◆ The input:
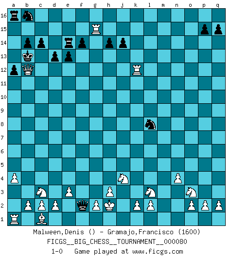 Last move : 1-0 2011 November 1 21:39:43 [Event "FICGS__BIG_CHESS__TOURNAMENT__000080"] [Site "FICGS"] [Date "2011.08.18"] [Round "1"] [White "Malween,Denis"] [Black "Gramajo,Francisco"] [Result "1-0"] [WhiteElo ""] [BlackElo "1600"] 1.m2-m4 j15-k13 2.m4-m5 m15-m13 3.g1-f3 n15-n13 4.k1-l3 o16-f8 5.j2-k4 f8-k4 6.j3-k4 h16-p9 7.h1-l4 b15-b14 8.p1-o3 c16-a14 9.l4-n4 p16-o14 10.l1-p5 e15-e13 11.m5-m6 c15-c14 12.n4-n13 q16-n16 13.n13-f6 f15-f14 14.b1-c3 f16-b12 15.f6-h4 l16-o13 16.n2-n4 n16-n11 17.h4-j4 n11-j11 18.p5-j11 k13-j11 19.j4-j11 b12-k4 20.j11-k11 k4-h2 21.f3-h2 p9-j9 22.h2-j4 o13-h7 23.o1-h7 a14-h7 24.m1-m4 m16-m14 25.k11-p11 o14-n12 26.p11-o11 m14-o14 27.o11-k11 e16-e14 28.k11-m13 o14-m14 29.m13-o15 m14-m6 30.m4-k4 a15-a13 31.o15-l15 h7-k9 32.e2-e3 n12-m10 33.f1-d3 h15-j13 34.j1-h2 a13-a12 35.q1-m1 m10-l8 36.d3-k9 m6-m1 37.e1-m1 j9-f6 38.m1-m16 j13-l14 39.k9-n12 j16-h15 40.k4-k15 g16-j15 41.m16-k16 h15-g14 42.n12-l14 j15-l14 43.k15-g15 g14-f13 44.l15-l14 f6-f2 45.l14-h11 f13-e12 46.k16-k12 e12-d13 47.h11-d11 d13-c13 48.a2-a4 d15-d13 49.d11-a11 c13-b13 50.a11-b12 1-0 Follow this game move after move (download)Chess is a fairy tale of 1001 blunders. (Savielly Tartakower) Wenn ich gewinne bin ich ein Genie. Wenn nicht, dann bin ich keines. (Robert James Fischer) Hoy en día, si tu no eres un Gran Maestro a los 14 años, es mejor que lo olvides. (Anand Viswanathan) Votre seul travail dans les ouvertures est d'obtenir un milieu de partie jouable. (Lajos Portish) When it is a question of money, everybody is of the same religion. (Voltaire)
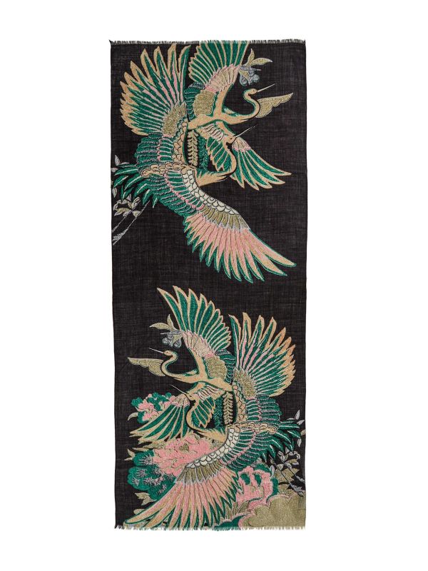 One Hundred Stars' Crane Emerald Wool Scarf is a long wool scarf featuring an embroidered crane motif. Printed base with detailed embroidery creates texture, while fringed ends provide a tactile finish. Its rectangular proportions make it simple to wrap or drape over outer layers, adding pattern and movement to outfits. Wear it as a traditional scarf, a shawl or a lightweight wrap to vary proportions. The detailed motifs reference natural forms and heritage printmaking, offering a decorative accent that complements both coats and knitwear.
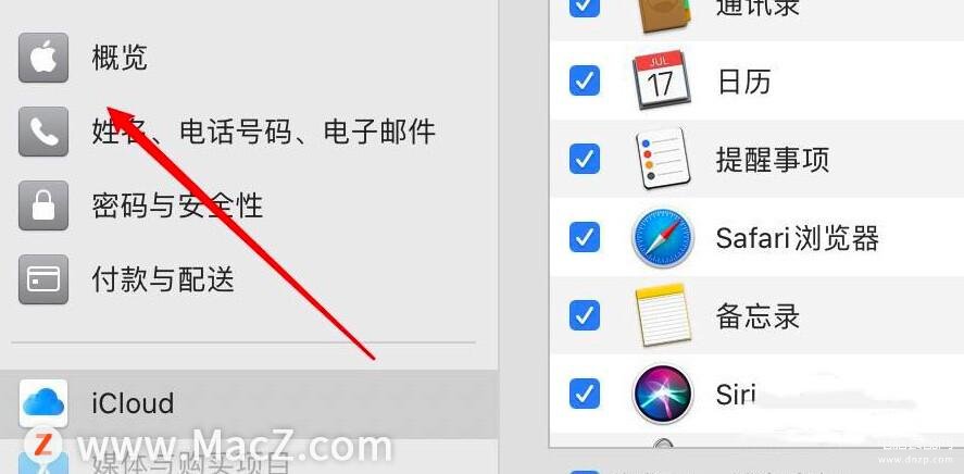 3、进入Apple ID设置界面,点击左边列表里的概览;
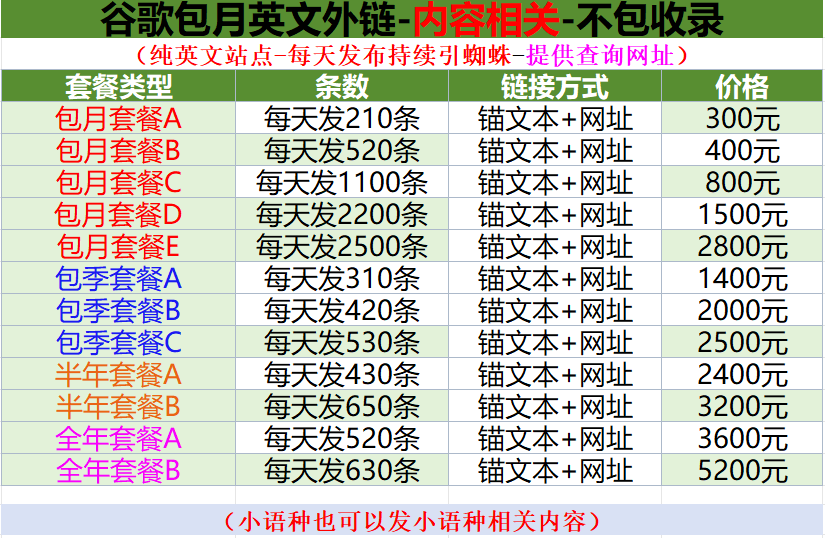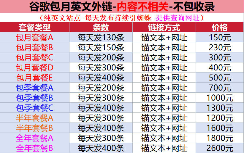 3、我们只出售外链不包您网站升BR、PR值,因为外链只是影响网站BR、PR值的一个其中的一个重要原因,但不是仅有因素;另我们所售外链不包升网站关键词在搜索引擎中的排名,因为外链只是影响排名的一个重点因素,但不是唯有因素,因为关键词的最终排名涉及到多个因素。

...

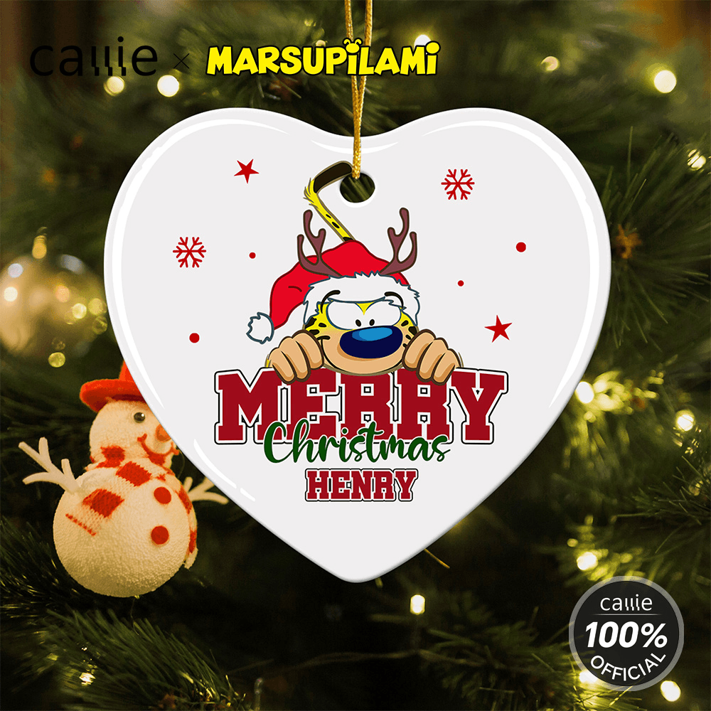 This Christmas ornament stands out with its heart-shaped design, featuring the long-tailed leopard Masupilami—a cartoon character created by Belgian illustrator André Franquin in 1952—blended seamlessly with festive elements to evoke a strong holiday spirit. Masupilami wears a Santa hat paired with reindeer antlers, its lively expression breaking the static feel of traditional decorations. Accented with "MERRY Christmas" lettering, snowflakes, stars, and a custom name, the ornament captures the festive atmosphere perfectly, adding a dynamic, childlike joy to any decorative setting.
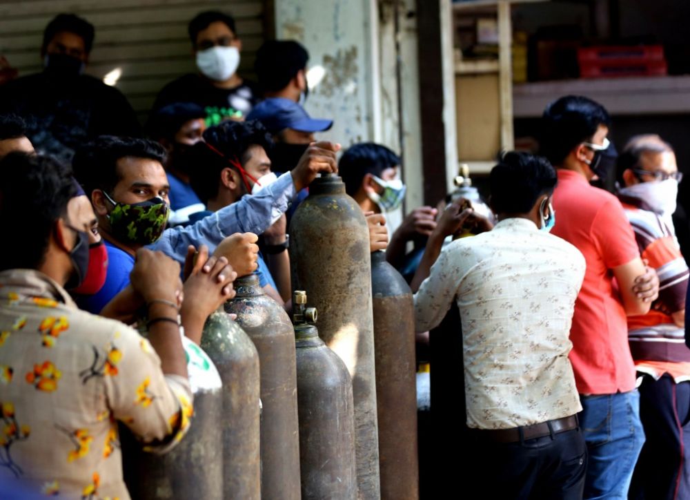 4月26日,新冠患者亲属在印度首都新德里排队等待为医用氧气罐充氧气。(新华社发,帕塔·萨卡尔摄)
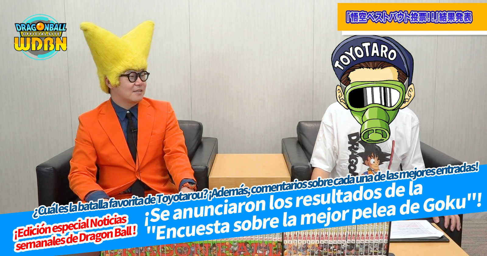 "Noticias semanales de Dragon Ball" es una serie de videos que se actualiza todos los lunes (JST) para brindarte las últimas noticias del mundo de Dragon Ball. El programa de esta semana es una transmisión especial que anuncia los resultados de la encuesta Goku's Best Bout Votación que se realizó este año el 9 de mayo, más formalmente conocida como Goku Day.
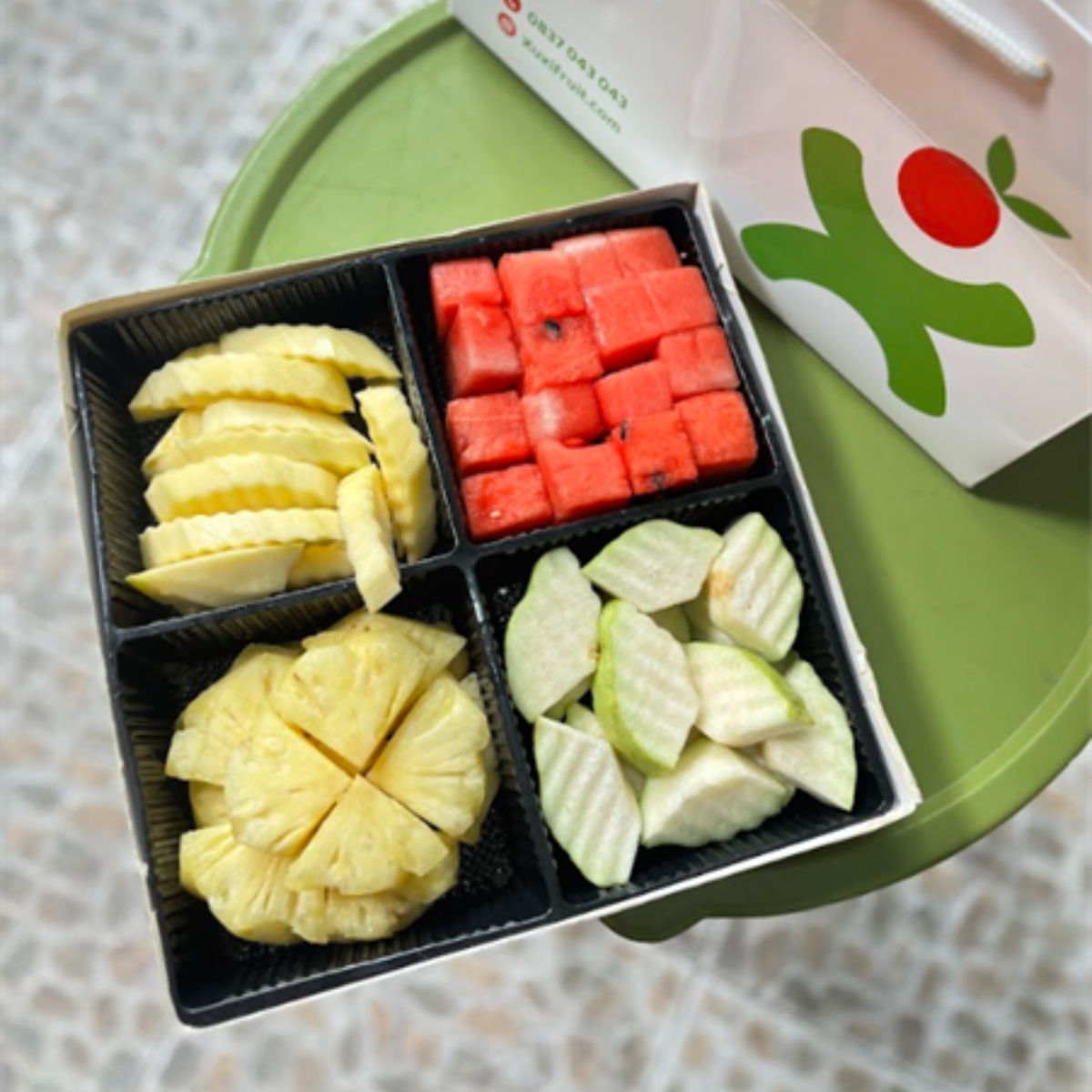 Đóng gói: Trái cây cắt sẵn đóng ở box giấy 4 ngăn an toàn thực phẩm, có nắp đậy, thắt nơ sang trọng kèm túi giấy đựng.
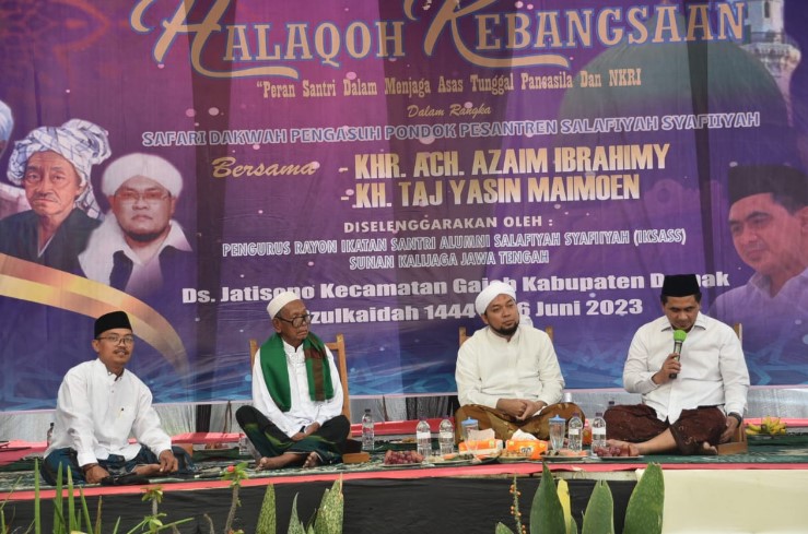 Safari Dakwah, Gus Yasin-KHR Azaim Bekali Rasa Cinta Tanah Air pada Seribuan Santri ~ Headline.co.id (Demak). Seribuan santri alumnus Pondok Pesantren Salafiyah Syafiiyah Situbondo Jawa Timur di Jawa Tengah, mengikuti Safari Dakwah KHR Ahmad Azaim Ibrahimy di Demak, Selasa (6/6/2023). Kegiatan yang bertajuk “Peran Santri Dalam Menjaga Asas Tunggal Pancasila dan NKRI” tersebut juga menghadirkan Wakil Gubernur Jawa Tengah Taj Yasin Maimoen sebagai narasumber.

* * *

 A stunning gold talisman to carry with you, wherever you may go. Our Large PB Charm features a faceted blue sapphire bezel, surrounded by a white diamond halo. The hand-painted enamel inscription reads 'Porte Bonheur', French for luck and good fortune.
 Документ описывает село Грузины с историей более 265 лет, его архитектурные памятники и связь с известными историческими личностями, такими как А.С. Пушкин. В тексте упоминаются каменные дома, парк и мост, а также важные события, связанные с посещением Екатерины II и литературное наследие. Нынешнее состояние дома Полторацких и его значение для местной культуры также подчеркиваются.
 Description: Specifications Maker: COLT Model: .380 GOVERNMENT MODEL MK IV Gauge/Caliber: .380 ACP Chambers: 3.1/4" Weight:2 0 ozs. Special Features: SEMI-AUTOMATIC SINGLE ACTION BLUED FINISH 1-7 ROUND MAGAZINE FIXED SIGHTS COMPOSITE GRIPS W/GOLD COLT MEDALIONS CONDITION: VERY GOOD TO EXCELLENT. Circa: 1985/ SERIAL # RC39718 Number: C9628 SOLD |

◆ Task goal:
Retype only the lines above from the one with "3、进入Apple ID设置界面,点击左边列表里的概览;" through the one with "3、我们只出售外链不包您网站", exactly and with both ends. Images stay out.

◆ Task output:
 3、进入Apple ID设置界面,点击左边列表里的概览;
 3、我们只出售外链不包您网站升BR、PR值,因为外链只是影响网站BR、PR值的一个其中的一个重要原因,但不是仅有因素;另我们所售外链不包升网站关键词在搜索引擎中的排名,因为外链只是影响排名的一个重点因素,但不是唯有因素,因为关键词的最终排名涉及到多个因素。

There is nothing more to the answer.